No way have I even started to make up all the sleep I’ve lost in the last few months, but jesus does it feel good to get 7 straight hours of sleep. I don’t think M slept 4 straight hours until she was over a year old. This? This feels decadent. Luxurious. Practically criminal.

I don’t know if it will continue, although I have to admit I desperately hope it does. With sleep like that, I can do this. I can manage, function, not dissolve into the evil screaming mother with three heads (one of which spins 360 degrees while spewing fire). It still isn’t easy, but it’s at least doable.

(Although everything is on hold while I wait for the dust to settle after my huge dietary transgressions yesterday … I ate three basil, tomato, mozzarella sandwiches (first wheat and dairy in two months) and I also had a chocolate cupcake (first chocolate and eggs in two months). Sophie seemed unusually uncomfortable about 24 hours later, although it seemed to pass (ha ha) fairly quickly. So I am crossing my fingers and holding my breath that it was an isolated incident and not related to the food. I can’t tell you how badly I want to be able to eat again.)
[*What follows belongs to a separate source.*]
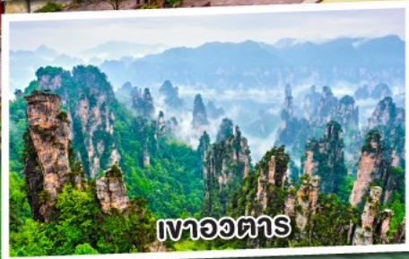
เหวอวตาร

And I have to thank mb as well, for her mention of the Kanoe hammock on her blog. I have been eyeing hammocks since I was pregnant, but couldn’t decide what to get. With her endorsement, I made the plunge and bought a Kanoe, and I think it is also part of the reason for these long stretches of sleep. I heartily recommend it.

Now. If I could just figure out how to get her to take her naps in it, I would be happy. Right? Isn’t that how life is? I just need “this” (fill in the blank) and then I’ll be happy. Heh heh. One of these days I’ll figure out how to just be. Maybe.

And while we wait (for hell to freeze over) here are some recent pictures.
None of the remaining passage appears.